Abstract

Computational complexity is a discipline of computer science and mathematics which classifies computational problems depending on their inherent difficulty, i.e. categorizes algorithms according to their performance, and relates these classes to each other. P problems are a class of computational problems that can be solved in polynomial time using a deterministic Turing machine while solutions to NP problems can be verified in polynomial time, but we still do not know whether they can be solved in polynomial time as well. A solution for the so-called NP-complete problems will also be a solution for any other such problems. Its artificial-intelligence analogue is the class of AI-complete problems, for which a complete mathematical formalization still does not exist. In this chapter we will focus on analysing computational classes to better understand possible formalizations of AI-complete problems, and to see whether a universal algorithm, such as a Turing test, could exist for all AI-complete problems.

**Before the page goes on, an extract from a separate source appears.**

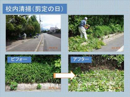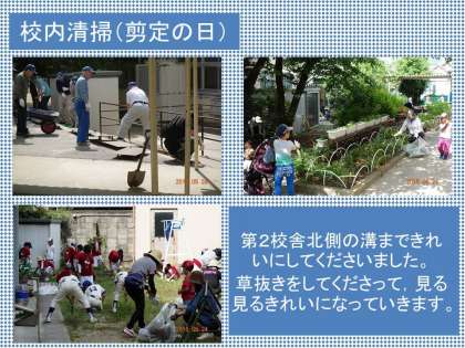 溝もきれいに掃除をしていただいたので,大雨が降っても大丈夫!。運動場周辺の溝は,砂が流れ込んで,すぐに洪水状態になります。正門は,学校の顔。正門付近の草抜きなどもきれいにしていただきました。正門あたりが,ずいぶん美人になったように思います。

In order to better observe how modern computer science tries to deal with computational complexity issues, we present several different deep-learning strategies involving optimization methods to see that the inability to exactly solve a problem from a higher order computational class does not mean there is not a satisfactory solution using state-of-the-art machine-learning techniques. Such methods are compared to philosophical issues and psychological research regarding human abilities of solving analogous NP-complete problems, to fortify the claim that we do not need to have an exact and correct way of solving AI-complete problems to nevertheless possibly achieve the notion of strong AI.